## MATERIALS PROVIDED
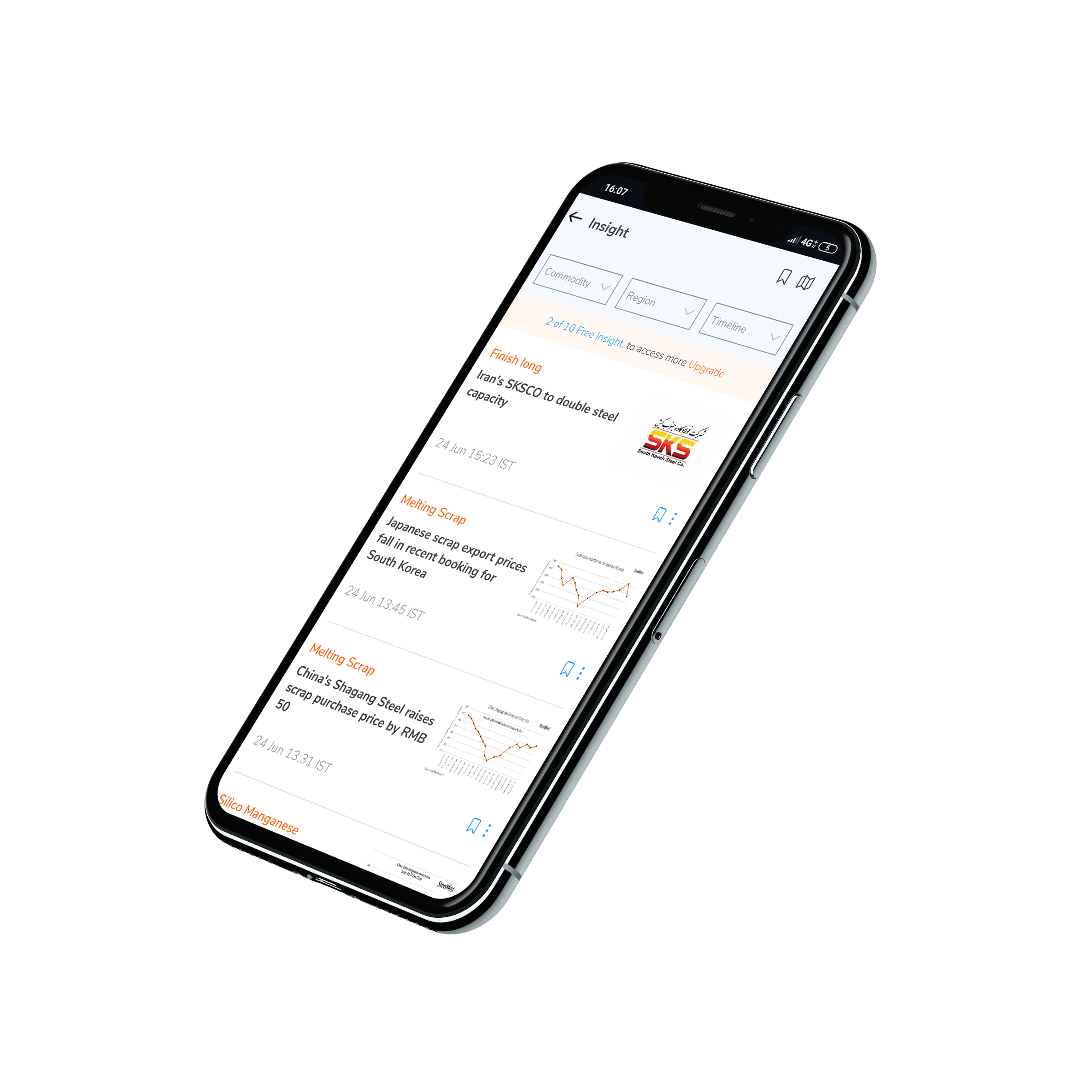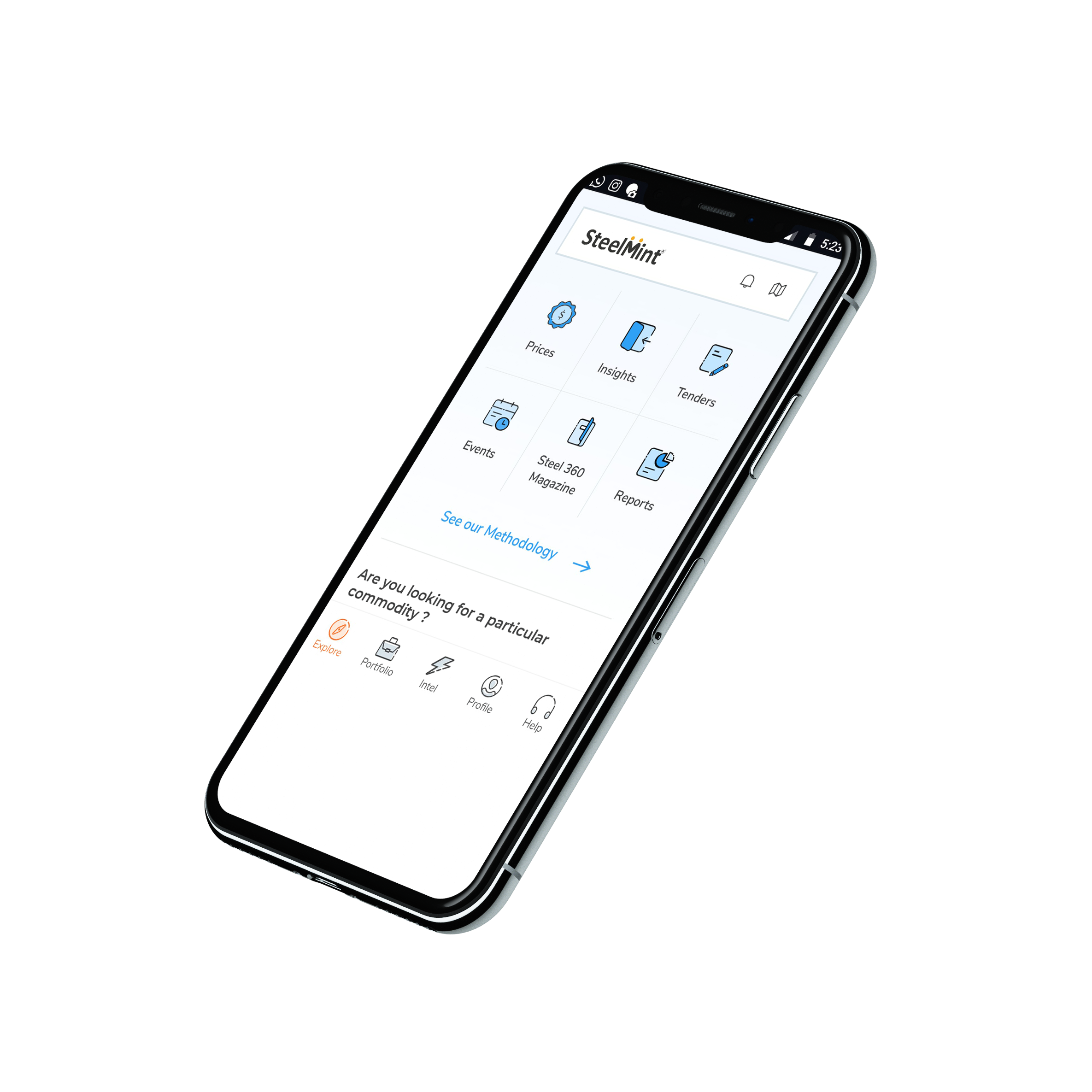 Answer: SteelMint app provides brief updates – Intel, Insights, Steel Prices, Tenders, Events, Steel360 Magazine, and Industry Reports on your mobile App. But to access detailed information, a user must either subscribe to SteelMint mobile app package or have access to SteelMint web services. For more info on SteelMint plans, visit: www.steelmint.com/signup
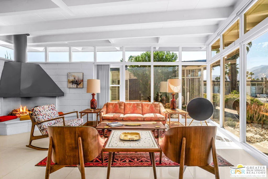 Outstanding opportunity to purchase at rarely available Desert Holly--a 14 unit, 8 building Historically Designated Mid-Century property (Mills Act reduced property taxes!) in the heart of Central Palm Springs-Sunrise Park designed and built by Long Beach builder & developer William J. O'Brien, Jr. and is sited close to downtown PS, PSP International and I-10. This stand-alone/detached home offers soaring walls of glass, original fireplace, renovated chef's kitchen and baths. Stunning terrazzo tile floors, upscale appliances , designated parking, 2 private patios and is just steps away from the community pool. This property is currently being used as a successful seasonal rental. Would make a great primary residence, second home or continue its current use as a rental/investment property. Outstanding condition with pride of ownership abounding. Move in, unpack and enjoy!
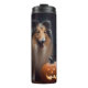 Garrafa Térmica Halloween Rough Collie Com Pumpkins Assustado
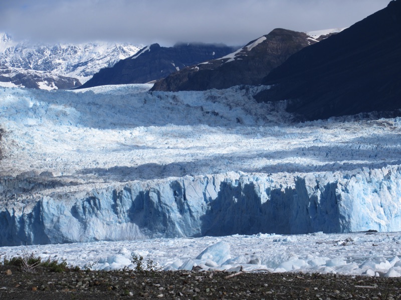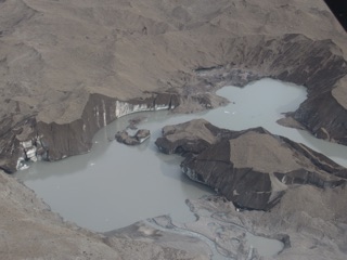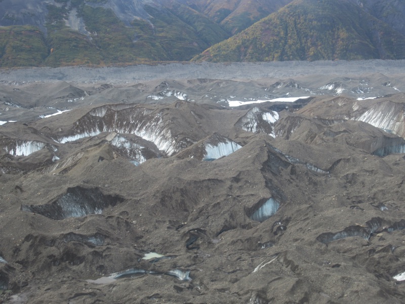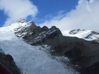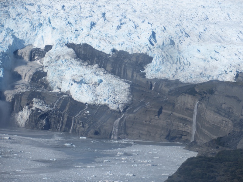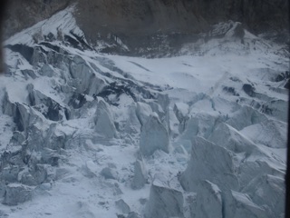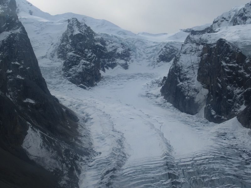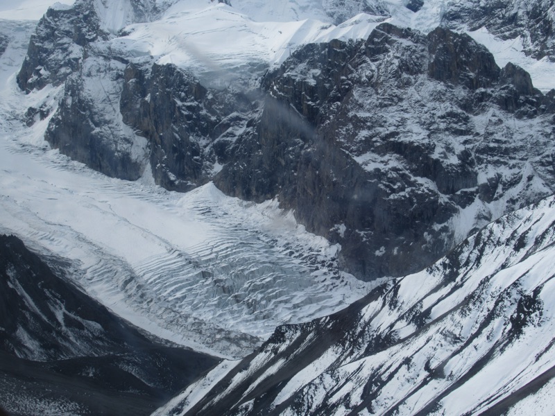 Our goodbye tour took us over one of the great glaciers and into the connecting canyons where other glaciers flowed down mountain sides to join it. There were a lot of glaciers and a lot of canyons, so our pilot took us about past steep rock walls and over the rivers of ice.
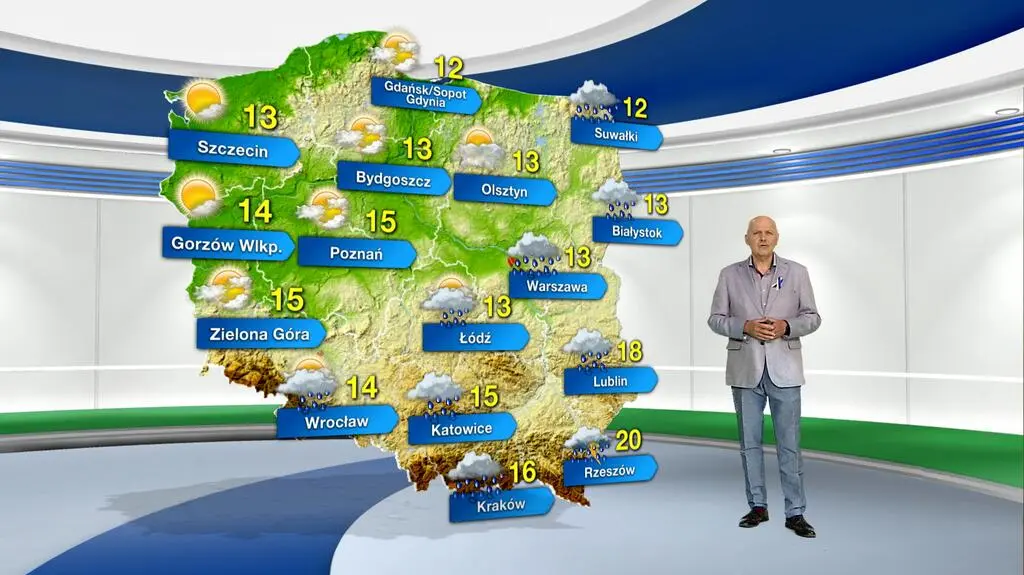 W środę na Mazurach, Kujawach, Pomorzu, Ziemi Lubuskiej i w Wielkopolsce wystąpi małe i umiarkowane zachmurzenie. W pozostałej części kraju będzie pochmurno, tam też popada deszcz o sumie 15 litrów na metr kwadratowy. Na Podkarpaciu i Roztoczu Lubelskim prognozuje się burze, podczas których spadnie do 25 l/mkw., a wiatr w porywach osiągnie prędkość do 60-80 kilometrów na godzinę. Na termometrach zobaczymy maksymalnie od 12 stopni Celsjusza na Suwalszczyźnie do 20 st. C na Rzeszowszczyźnie. Powieje północno-zachodni wiatr, słaby i umiarkowany, w strefie brzegowej może osiągać do 60 km/h.

## WORK REQUEST
An exact copy of all the entries above is required, with every picture left out.

## EXERCISE SOLUTION
 Answer: SteelMint app provides brief updates – Intel, Insights, Steel Prices, Tenders, Events, Steel360 Magazine, and Industry Reports on your mobile App. But to access detailed information, a user must either subscribe to SteelMint mobile app package or have access to SteelMint web services. For more info on SteelMint plans, visit: www.steelmint.com/signup
 Outstanding opportunity to purchase at rarely available Desert Holly--a 14 unit, 8 building Historically Designated Mid-Century property (Mills Act reduced property taxes!) in the heart of Central Palm Springs-Sunrise Park designed and built by Long Beach builder & developer William J. O'Brien, Jr. and is sited close to downtown PS, PSP International and I-10. This stand-alone/detached home offers soaring walls of glass, original fireplace, renovated chef's kitchen and baths. Stunning terrazzo tile floors, upscale appliances , designated parking, 2 private patios and is just steps away from the community pool. This property is currently being used as a successful seasonal rental. Would make a great primary residence, second home or continue its current use as a rental/investment property. Outstanding condition with pride of ownership abounding. Move in, unpack and enjoy!
 Garrafa Térmica Halloween Rough Collie Com Pumpkins Assustado
 Our goodbye tour took us over one of the great glaciers and into the connecting canyons where other glaciers flowed down mountain sides to join it. There were a lot of glaciers and a lot of canyons, so our pilot took us about past steep rock walls and over the rivers of ice.
 W środę na Mazurach, Kujawach, Pomorzu, Ziemi Lubuskiej i w Wielkopolsce wystąpi małe i umiarkowane zachmurzenie. W pozostałej części kraju będzie pochmurno, tam też popada deszcz o sumie 15 litrów na metr kwadratowy. Na Podkarpaciu i Roztoczu Lubelskim prognozuje się burze, podczas których spadnie do 25 l/mkw., a wiatr w porywach osiągnie prędkość do 60-80 kilometrów na godzinę. Na termometrach zobaczymy maksymalnie od 12 stopni Celsjusza na Suwalszczyźnie do 20 st. C na Rzeszowszczyźnie. Powieje północno-zachodni wiatr, słaby i umiarkowany, w strefie brzegowej może osiągać do 60 km/h.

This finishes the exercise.